I made a map of the county and shoebox houses on every road, oilcan museum and smaller box houses on the smaller map within. Cicada for the trolley kudzu’d in some hair. A Hotwheels on a cracker at the sardine-tin garage. I made a coffin for a sock I folded like a dunce. Dug a quarry and a blue-hole in the ridge, stolen backhoe in the deeps. Fake tree from a forest, guitar from a gourd, and from the constitution umpteen more. Tiny music in a hole-punch chad. I made my collapse, my fold, my own little elsewhere. Boat from bottlecap, flotilla from remote controls. A bandage from my pocket lint, cottonfields from quilts. And a zoo and an ark from a wayward bird. I wrote the county’s history on the heads of matches and at last I made a suitcase out of clay and packed my clay and took the census as I made my way out of town.


for W.C.



Bio: Jake Adam York

Jake Adam York is the author of A Murmuration of Starlings (Southern Illinois University Press 2008) and Murder Ballads (Elixir 2005). He and his students in the undergraduate Creative Writing program at the University of Colorado Denver publish Copper Nickel. He made his own website: www.jakeadamyork.com.



Featured Poet #4

POETRY:



Against Close Reading

          —Questions for Discussion

What does the sky mean?
Is the grass correct?

How many splashes in that pond?

And while we’re at it,
what is the point of Tuesday,
of the numeral six, of north?

Might the marsh water have an answer,
an opinion, some silence as of judgment?

Can you kindly explain
the mailbox flecked with rust,
new brakes, dog fur, the taste of salt?

And how about this gray turkey
strutting across a gray field
as if he owns it?

Wouldn’t you agree?



Paradise or Its Outskirts

          People also say this is Paradise.
          What sort of Paradise doesn’t have puddles?

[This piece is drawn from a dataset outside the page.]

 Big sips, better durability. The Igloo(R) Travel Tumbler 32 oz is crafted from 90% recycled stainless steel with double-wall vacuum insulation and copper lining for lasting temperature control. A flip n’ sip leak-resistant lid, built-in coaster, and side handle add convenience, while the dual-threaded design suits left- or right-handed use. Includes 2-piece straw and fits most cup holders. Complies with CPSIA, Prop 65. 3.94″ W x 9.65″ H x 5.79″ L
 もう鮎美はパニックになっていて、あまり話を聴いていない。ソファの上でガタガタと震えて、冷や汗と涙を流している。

                    —Josh English

Paradise comes with muddy pawprints, static,
insomnia, tired brooms, bus fumes hovering
over the still frozen town. Unruly lilies shoot up
through late snow on the cemetery hillside.

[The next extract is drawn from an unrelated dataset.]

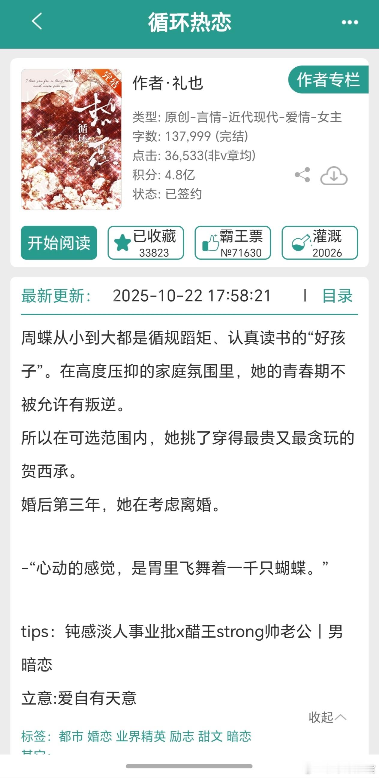 《循环热恋》作者:礼也男主视角暗恋成真,女主视角日久生情看似玩世不恭实则纯情醋王,感情钝感事业批女主文一开始就是男主女主结婚快三周年,结束异地真正同居生活女主在事业上节节攀升,不断进步,努力赚钱给妈妈换房子。女主不想用男主的钱,他们结婚时有个三年协议,想着到期离婚,不能欠男主。但是女主一想到离婚后不能和男主在一起就难受,在相处中渐渐爱上了男主,也是到现在才明白。女主想到男主说过就是喜欢女主不喜欢他的样子,放弃了表白男主在高中就喜欢女主了,但是她是循规蹈矩的乖乖女,男主暗戳戳告白,还写情书,女主都没get到,实在是两人差距太大了。后来大学是男主主动接近她,但是感情主导生女主,女主说在一起就在一起,上结婚就结婚。女主最后感情上和你迟钝,但是男主回自我攻略啊女主意识到自己喜欢男主后,男主当时误会了女主,单方面冷战。女主从闺蜜口中得知了男主喜欢她,还找到了男主暗恋她的痕迹,主动告白,男主立刻又傲娇起来这篇文很甜,小短篇,有肉渣,男主挺行的,抓住机会就和女主生命大和谐男主女主原生家庭就不提了,也算是相互救赎

A ripe fan blows grease into the alley
out back of the lone Mexican restaurant in town,
where the hostess on break hunches against the cold,
cupping her cigarette with lovely hands.

She’s skinny with generalized denial, and anyone
could love that, don’t you think? She rents
in Paradise or its outskirts, I’m sure of that.
Just watch her eye the three sixtyish secretaries

at their regular Wednesday lunch, all puffy hands
and throaty laughter. Dye jobs just past
their sell-by dates. She could love such weary mothers
easily, but chooses the sky instead, cloud puffs

echoing her exhalations. That’s a zero-G Eden
up there, free of lime slices jamming bottlenecks,
the damnation of sticky linoleum, lint in a purse
puffed up like a secretary’s hair. She likes to think

of nothing, long moments weightless as the check
floating down cloudlike over a table. She’s smoke
obscuring the sky’s cracked mirror. Maybe the snap
of a lock bolt at closing time, and the moment after.

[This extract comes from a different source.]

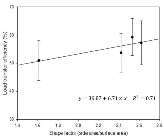 First, the difference in load transfer characteristics was examined when the four selected blocks were laid in a stack pattern. Figure 5 shows the LTE by block shape for the stack pattern. It was found that the LTE increased in all block shapes as the degree of joint filling increased, and the minimum difference between 0% and 100% joint filing was approximately three times. When the joint sand was 100% filled, the Uni and Dasuri blocks showed similar load transfer performance, which was approximately 5% higher than that of the square and rectangular blocks. Figure 6 shows the relationship between the shape factor and LTE: a proportional relationship is seen. It can be seen that the load transfer characteristic between blocks is affected a bit by the block shape, but it is significantly affected by the degree of filling of the joint sand.

That sort of Paradise. Fritos still in their gleaming bag
at the very top of the brimming dumpster.



Bio: David Graham

David Graham has published a bunch of books that no one has seen, most recently Stutter Monk (Flume Press). With Kate Sontag he edited the essay anthology After Confession (Graywolf). He just entered his third decade of teaching at Ripon College, a wonderful liberal arts school no one’s heard of.